We next evaluate the performance to extract spectra variables. We
compare the time needed to extract the retention times from the 3
Spectra
objects using the microbenchmark()
function. With register(SerialParam())
we globally disable
parallel processing for Spectra to ensure the results to be
independent that.
#' Compare performance to extract the retention times.
register(SerialParam())
library(microbenchmark)
microbenchmark(
rtime(s_mem),
rtime(s_mzr),
rtime(s_db),
times = 13
)
## Unit: microseconds
## expr min lq mean median uq max neval
## rtime(s_mem) 11.601 13.606 18.54846 14.066 25.207 26.850 13
## rtime(s_mzr) 380.499 393.063 430.95954 407.700 411.316 775.035 13
## rtime(s_db) 6606.986 6670.564 7029.03346 6701.462 6768.036 10818.096 13
Highest performance can be seen for the Spectra
object
with the MsBackendMemory
backend, followed by the
Spectra
object with the MsBackendMzR
backend,
while extraction of spectra variables is slowest for the
Spectra
with the MsBackendOfflineSql
. Again,
this is expected because the MsBackendOfflineSql
needs to
retrieve the data from the database while the two other backends keep
the retention times of the spectra (along with other general spectra
metadata) in memory.
We next also evaluate the performance to extract peaks data, i.e. the individual m/z and intensity values for all spectra in the two files.

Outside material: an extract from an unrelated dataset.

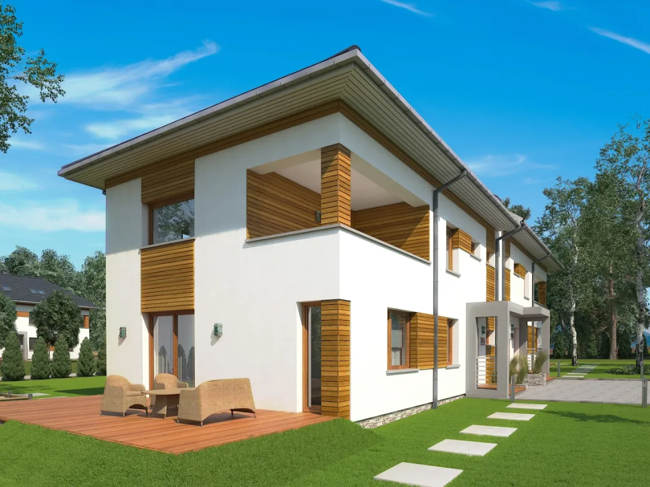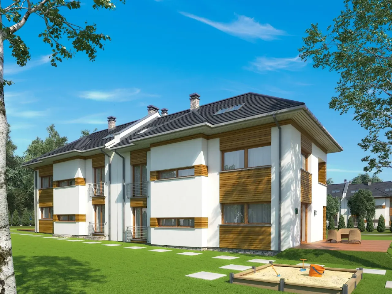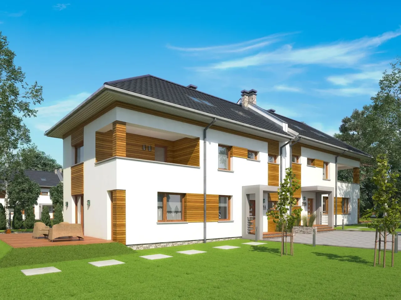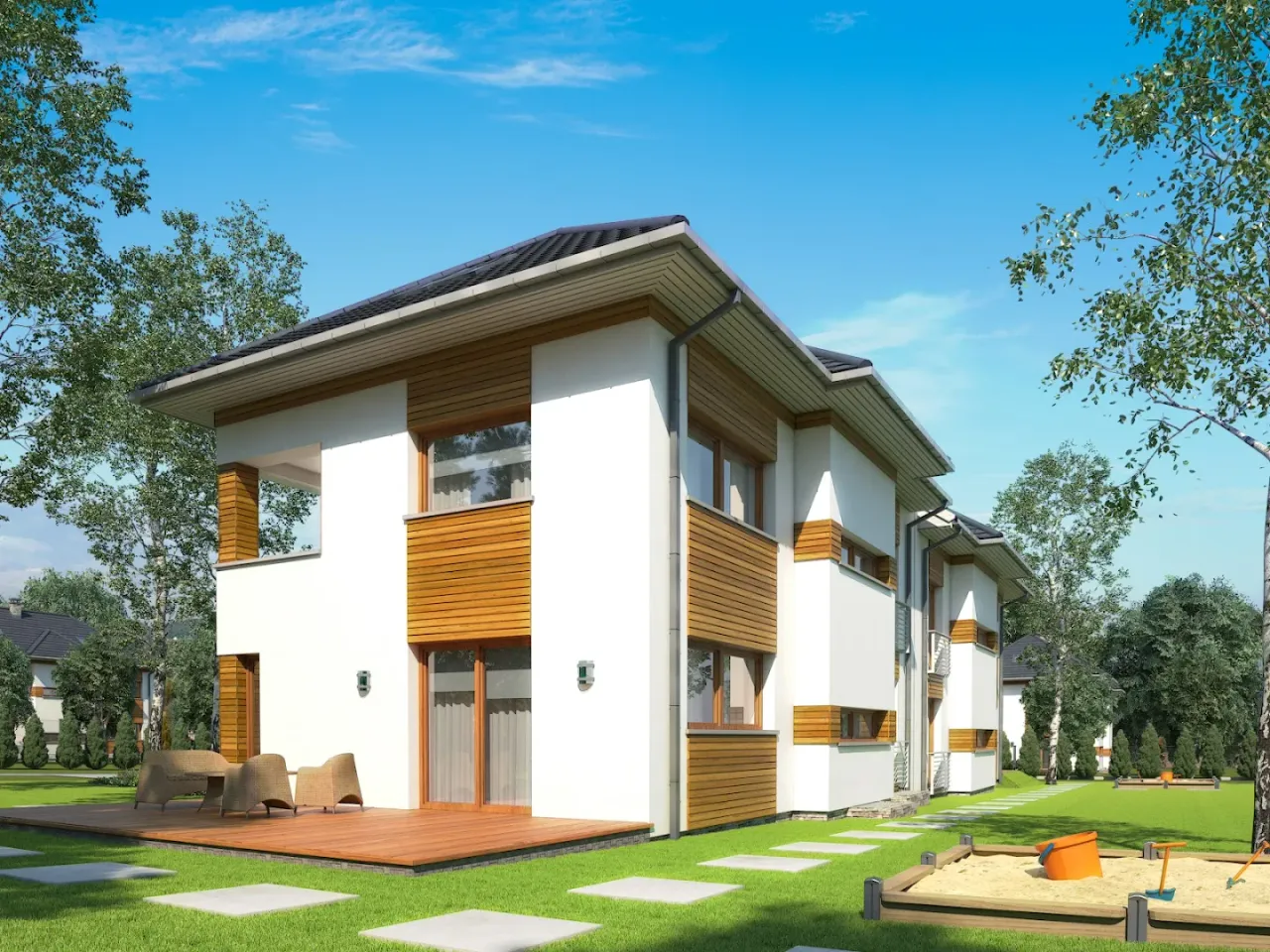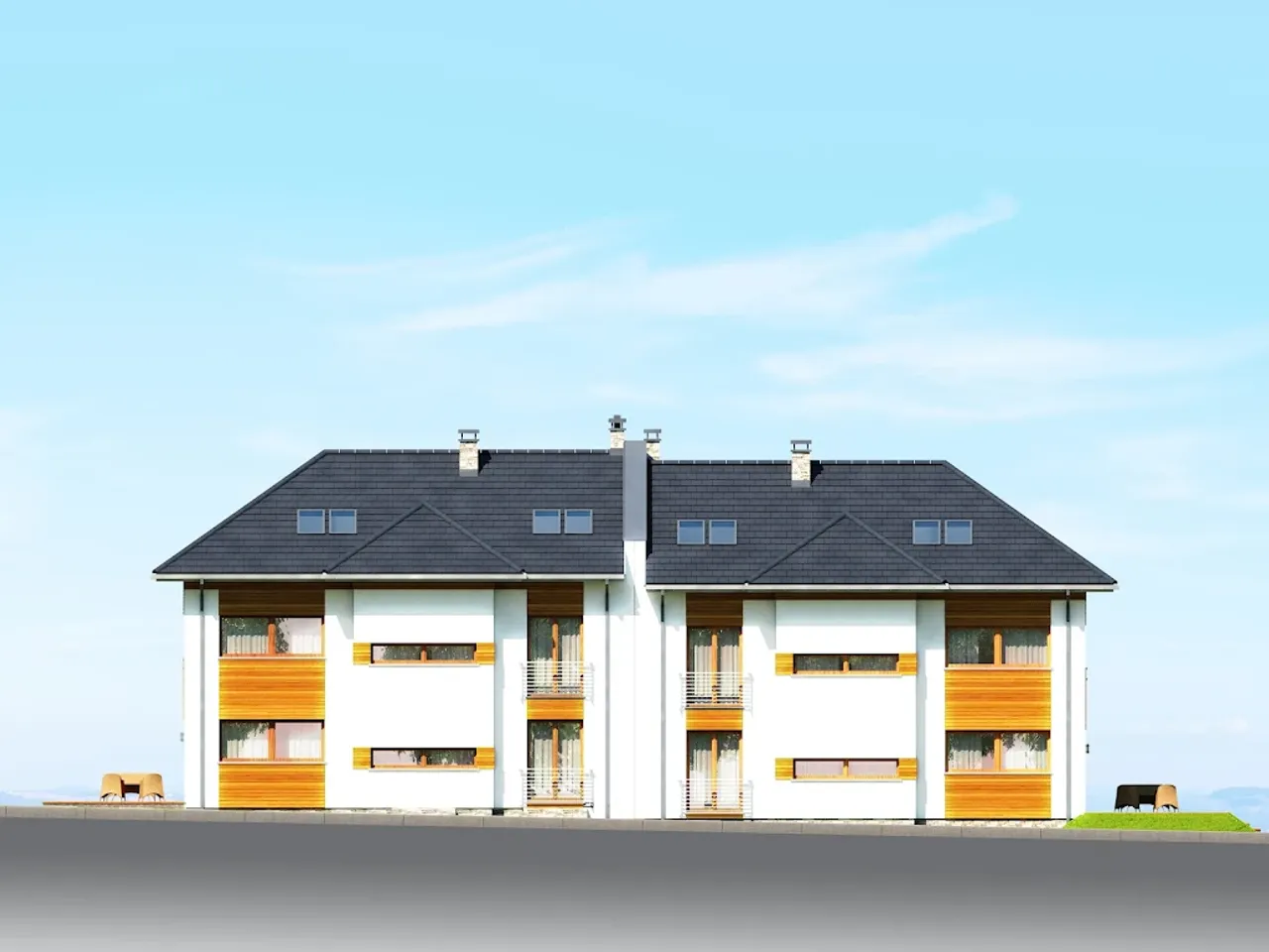 Projekt domu Bliźniak 4 idealnie wpisuje się w wizję współczesnego, ale przytulnego domu, oczekiwanego przez rodziny ceniące sobie zarówno funkcjonalność, jak i estetykę. Architektura tego projektu z pewnością zachwyci miłośników nowoczesnych, lecz nieprzesadzonych form. Zaskakujące połączenie prostoty z elegancją sprawia, że budynek doskonale komponuje się zarówno w urbanistycznym, jak i bardziej naturalnym otoczeniu. Idealny wybór dla tych, którzy szukają domu z charakterem, który będzie równocześnie miejscem inspirującym do życia oraz bezpieczną przystanią dla każdego członka rodziny.

#' Compare performance to extract the peaks data.
microbenchmark(
peaksData(s_mem),
peaksData(s_mzr),
peaksData(s_db),
times = 7
)
## Unit: microseconds
## expr min lq mean median uq
## peaksData(s_mem) 313.564 485.475 587.1587 654.831 691.629
## peaksData(s_mzr) 506064.643 512911.311 546472.9341 517375.658 521932.397
## peaksData(s_db) 96600.480 101941.963 221392.5210 300670.733 310743.569
## max neval
## 787.508 7
## 732182.824 7
## 327105.369 7
The MsBackendMemory
outperforms the two other backends
also in this comparison. Both the MsBackendMzR
and
MsBackendOfflineSql
need to import this data, the
MsBackendMzR
from the original mzML files and the
MsBackendOfflineSql
from the SQL database (which for the
present data is more efficient).
At last we evaluate the performance to subset any of the 3
Spectra
objects to 10 random spectra.
#' Compare performance to subset the Spectra.
idx <- sample(seq_along(s_mem), 10)
microbenchmark(
s_mem[idx],
s_mzr[idx],
s_db[idx]
)
## Unit: microseconds
## expr min lq mean median uq max neval
## s_mem[idx] 228.025 237.6585 248.2724 245.0770 252.8715 332.339 100
## s_mzr[idx] 647.267 668.4360 692.3161 683.9395 703.4315 1021.684 100
## s_db[idx] 134.882 143.2670 164.5098 151.1460 157.0930 1426.860 100
Here, the MsBackendOfflineSql
has a clear advantage over
the two other backends, because it only needs to subset the integer
vector of primary keys (the only data it keeps in memory), while the
MsBackendMemory
needs to subset the full data, and the
MsBackendMzR
the data frame with the spectra variables.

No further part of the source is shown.